> _Dataset content_:
+--
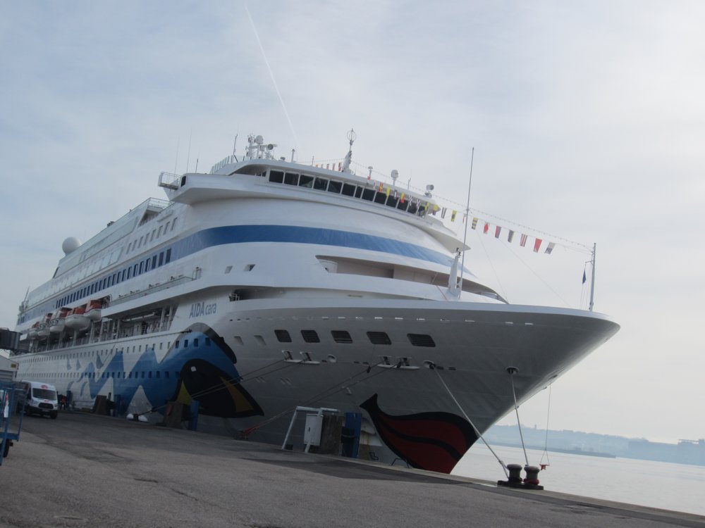 Nach dem Absacker im Hotel -alte Leute halt 🙂 – ging es ins Bett. Den nächsten Morgen sind Frauchen und ich dann nach dem Frühstück durch Kiel gegangen. Die knapp 600 Mtr. entfernte „Cara“ besuchten wir auch, wollten wir doch ein paar Stunden später an Bord gehen. Um 11:00 haben wir das Hotel dann verlassen und sind mit Koffer zum Terminal der Cara gegangen. 25 Minuten (!) später waren wir eingecheckt und konnten total entspannt dem Auslaufen und Mittagessen entgegen schauen. Tipp für alle Anreisende: kommst du früh, kannst Du früh an Bord gehen, meist schon ab 11:00 Uhr.
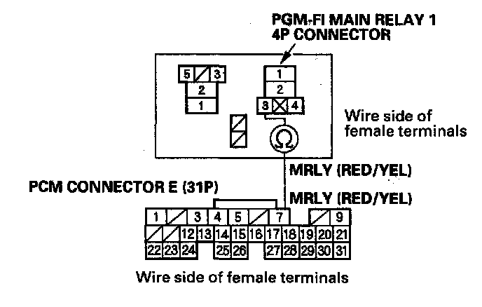NO - Repair open in the wire between PGM-FI main relay 1 and the PCM (E7).
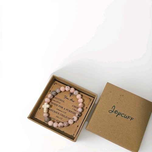 This light pink, beaded stone bracelet from Joycuff is perfect for women looking for a meaningful and stylish accessory. The motivational Bible verse theme adds a touch of faith and inspiration, making it a wonderful gift.
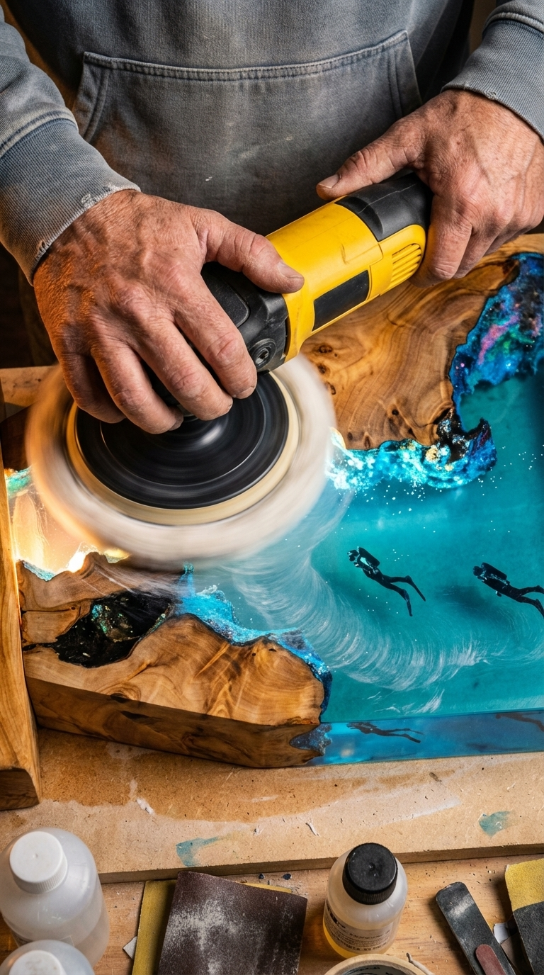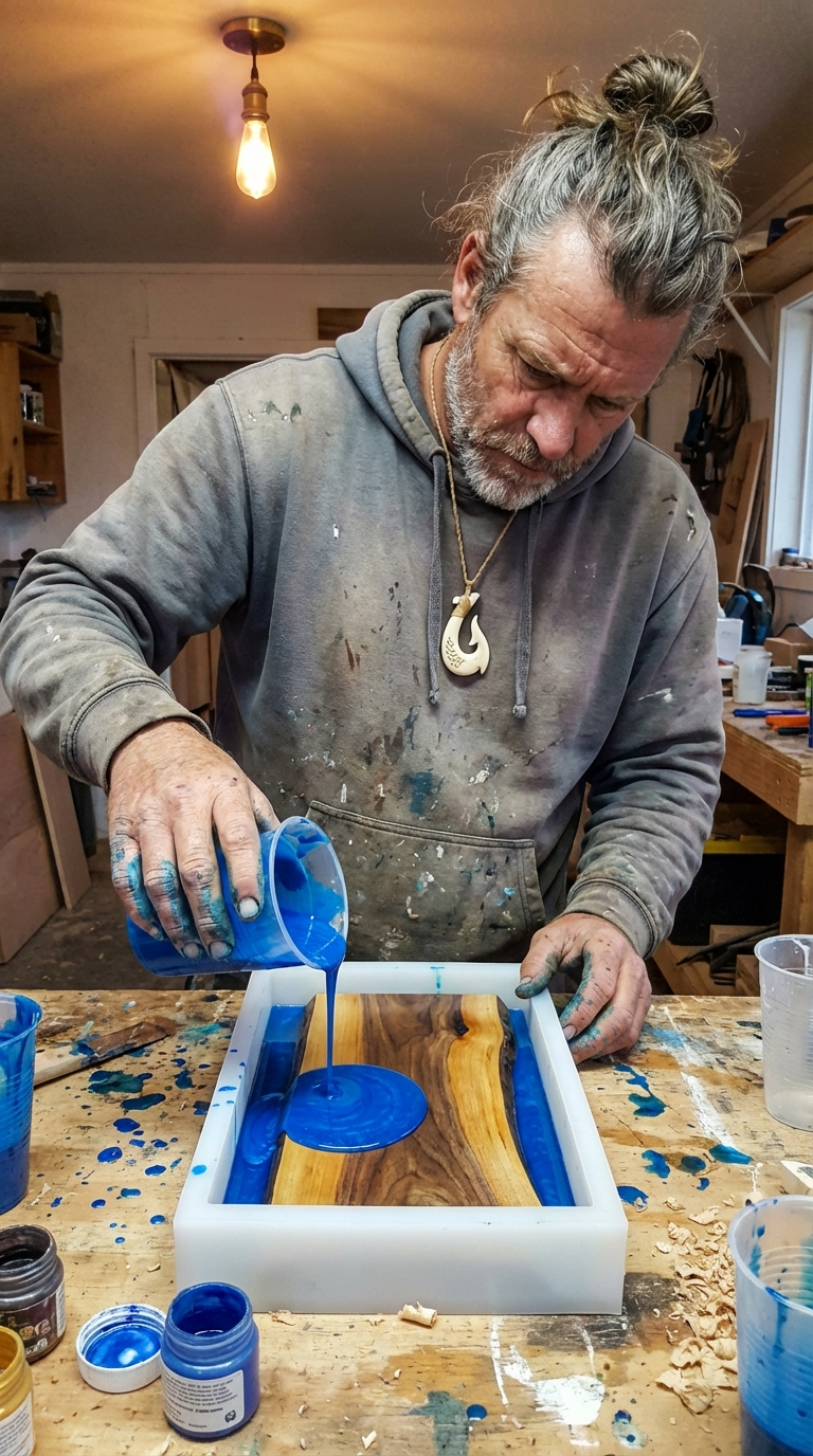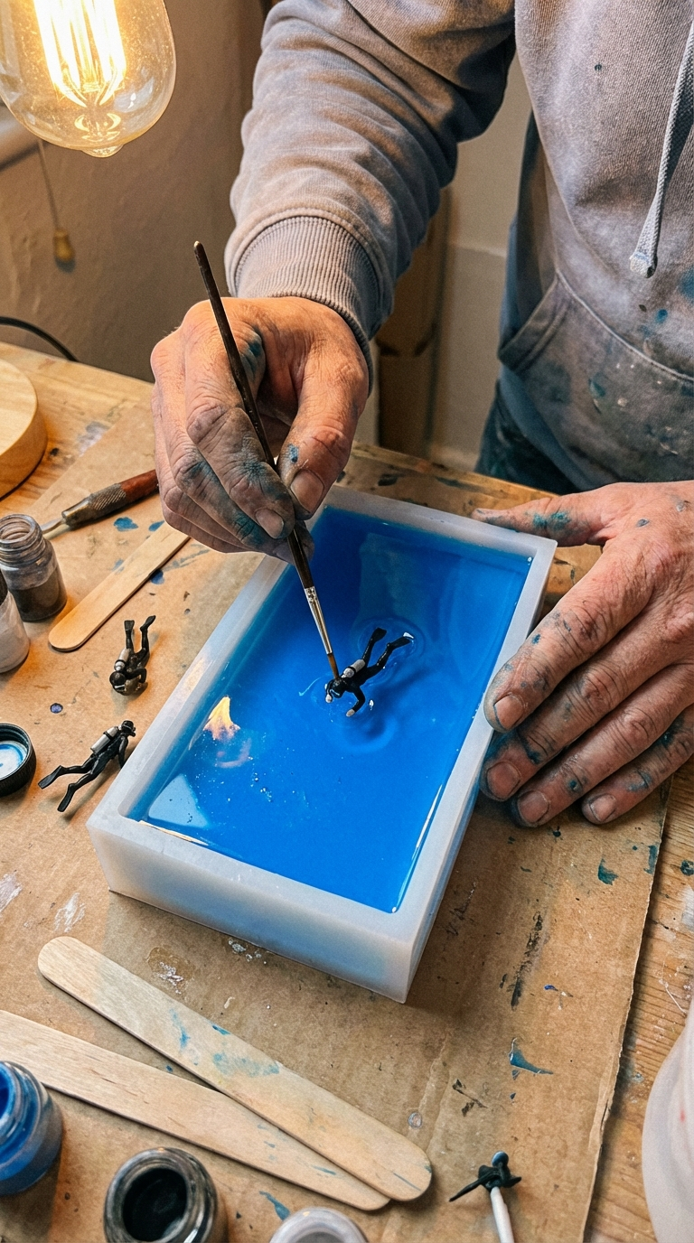 Just me, pouring resin, placing each tiny diver by hand.
+--
> _Work to be completed_: Your answer should consist solely of the lines from the line with "NO - Repair" to the final line of the listing, set down word for word, pictures omitted.

> _Task result_:
NO - Repair open in the wire between PGM-FI main relay 1 and the PCM (E7).
 This light pink, beaded stone bracelet from Joycuff is perfect for women looking for a meaningful and stylish accessory. The motivational Bible verse theme adds a touch of faith and inspiration, making it a wonderful gift.
 Just me, pouring resin, placing each tiny diver by hand.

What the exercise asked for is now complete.